— Assignment —
Write out the entire listing below exactly, with the pictures left out.

— Extracted data —
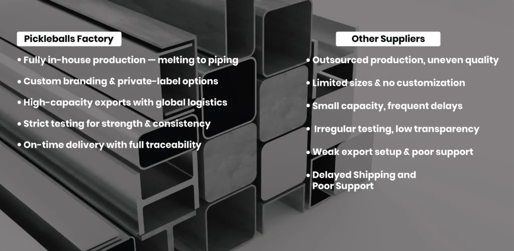 We offer customized pipe sizes, wall thicknesses, coatings, and branding options. ND Steel specializes in private-label and OEM manufacturing for global distributors and industrial suppliers. - Corrosion-Resistant & Long-Lasting
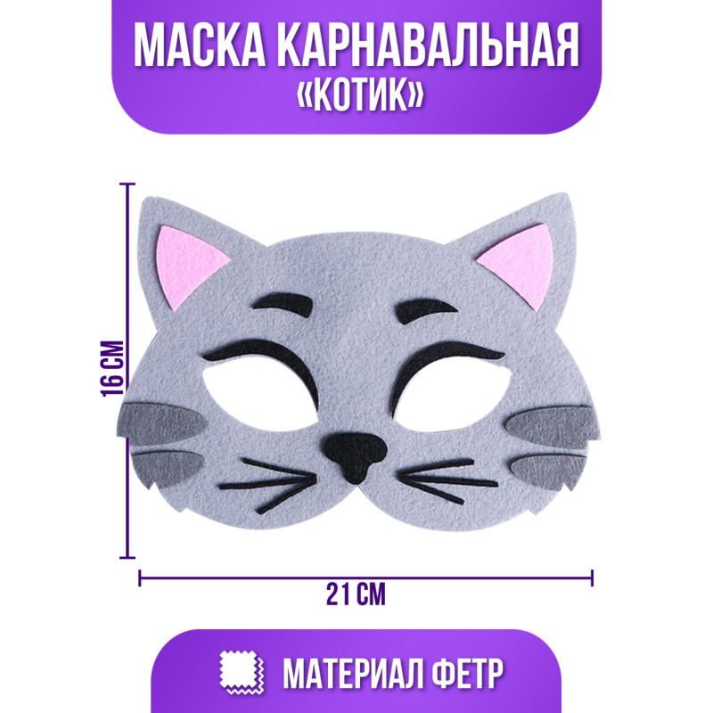 5048545 Маска из фетра "Котик" на резинке
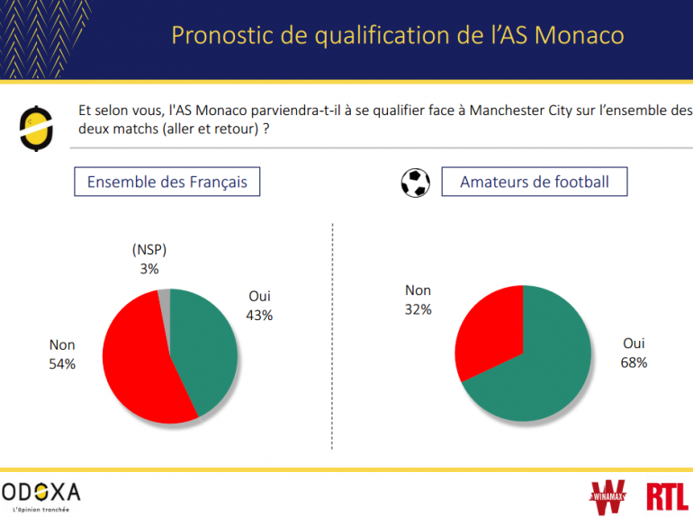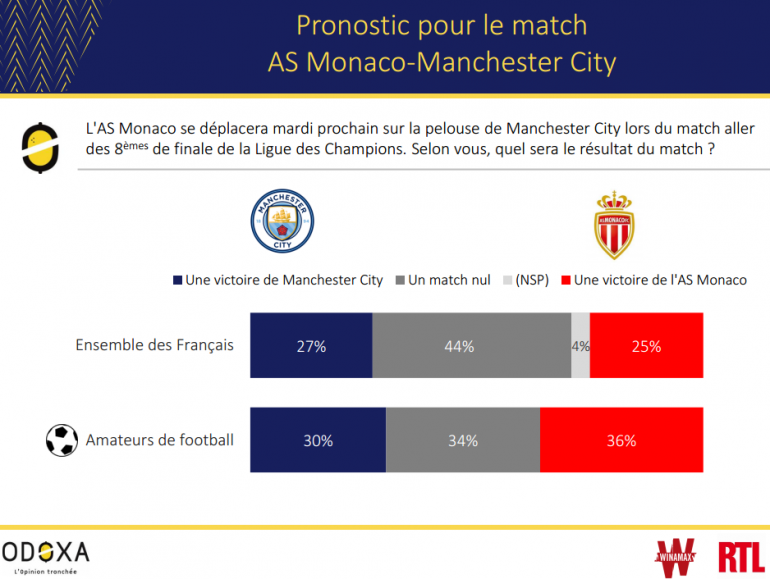 La seconde confrontation entre City et l'ASM sera joué le mercredi 15 mars à 20h45 au stade Louis-II et cet avantage devrait donc être payant. Les Français dans leur ensemble sont moins optimistes pour Monaco. Ils sont minoritaires à miser sur leur qualification et sont 54% à penser que le deuxième de Premier League passera au tour suivant.
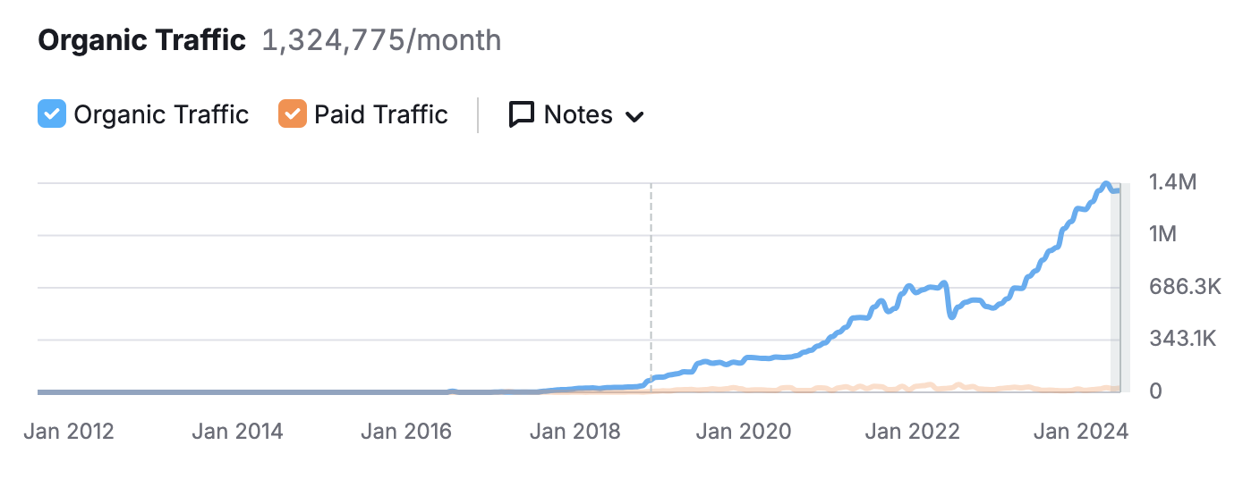 - 30,000+ organic keywords drive over 1.4M monthly visitors.
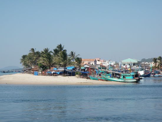 Der Heilige Abend ist hier ein Tag wie jeder andere auch. Wir haben es eigentlich nur dadurch gemerkt als wir am Abend von der Hotelleitung eine Torte mit der Aufschrift Marry Christmas bekommen haben. Ansonsten war den ganzen Tag Ruhe und Entspannung angesagt. Am naechsten Tag haben wir mit dem Moped den noerdlichen Teil der Insel erkundet. Auch hier herrscht abseits der Touristikzentren vor allen in den vielen kleinen Fischerdoerfern bittere Armut. Haupteinnahmequelle der Bevoelkerung ist auf Phu Quoc der Anbau von Pfeffer, Fischfang und die Herstellung der koestlichen Fischsauce Nuoc Mam. Die Fahrt mit dem Moped war wie immer ein Erlebnis. Rote staubige Strassen, teilweise durch Vermurungen unterbrochen, die Umleitungsstrecken fuehrten durch den Wald ueber schmale, unwegsame Wege mit spektakulaeren kleinen und wackeligen Bambusbruecken. Entlang der Kueste immer wieder weisse, endlos lange wunderschoene menschenleere Straende. Bei uns im Ort ist ausser dem taeglichen Strassenmarkt nichts besonderes zu besichtigen. Aber wir verbringen den Tag sowieso grossteils am Strand und lassen es uns mit Massagen, Cocktails und hervorragenden Essen gut gehen. Jetzt machen wir noch einige Tage Badeurlaub und werden uns gegen Ende der Woche den Sueden der Insel anschauen und uns nochmals melden. Dann geht es schon wieder retour nach Saigon und danach fuer zwei oder drei Tage in die Reiskammer Vietnams, das Mekong Delta.

— Answer for the task —
 We offer customized pipe sizes, wall thicknesses, coatings, and branding options. ND Steel specializes in private-label and OEM manufacturing for global distributors and industrial suppliers. - Corrosion-Resistant & Long-Lasting
 5048545 Маска из фетра "Котик" на резинке
 La seconde confrontation entre City et l'ASM sera joué le mercredi 15 mars à 20h45 au stade Louis-II et cet avantage devrait donc être payant. Les Français dans leur ensemble sont moins optimistes pour Monaco. Ils sont minoritaires à miser sur leur qualification et sont 54% à penser que le deuxième de Premier League passera au tour suivant.
 - 30,000+ organic keywords drive over 1.4M monthly visitors.
 Der Heilige Abend ist hier ein Tag wie jeder andere auch. Wir haben es eigentlich nur dadurch gemerkt als wir am Abend von der Hotelleitung eine Torte mit der Aufschrift Marry Christmas bekommen haben. Ansonsten war den ganzen Tag Ruhe und Entspannung angesagt. Am naechsten Tag haben wir mit dem Moped den noerdlichen Teil der Insel erkundet. Auch hier herrscht abseits der Touristikzentren vor allen in den vielen kleinen Fischerdoerfern bittere Armut. Haupteinnahmequelle der Bevoelkerung ist auf Phu Quoc der Anbau von Pfeffer, Fischfang und die Herstellung der koestlichen Fischsauce Nuoc Mam. Die Fahrt mit dem Moped war wie immer ein Erlebnis. Rote staubige Strassen, teilweise durch Vermurungen unterbrochen, die Umleitungsstrecken fuehrten durch den Wald ueber schmale, unwegsame Wege mit spektakulaeren kleinen und wackeligen Bambusbruecken. Entlang der Kueste immer wieder weisse, endlos lange wunderschoene menschenleere Straende. Bei uns im Ort ist ausser dem taeglichen Strassenmarkt nichts besonderes zu besichtigen. Aber wir verbringen den Tag sowieso grossteils am Strand und lassen es uns mit Massagen, Cocktails und hervorragenden Essen gut gehen. Jetzt machen wir noch einige Tage Badeurlaub und werden uns gegen Ende der Woche den Sueden der Insel anschauen und uns nochmals melden. Dann geht es schon wieder retour nach Saigon und danach fuer zwei oder drei Tage in die Reiskammer Vietnams, das Mekong Delta.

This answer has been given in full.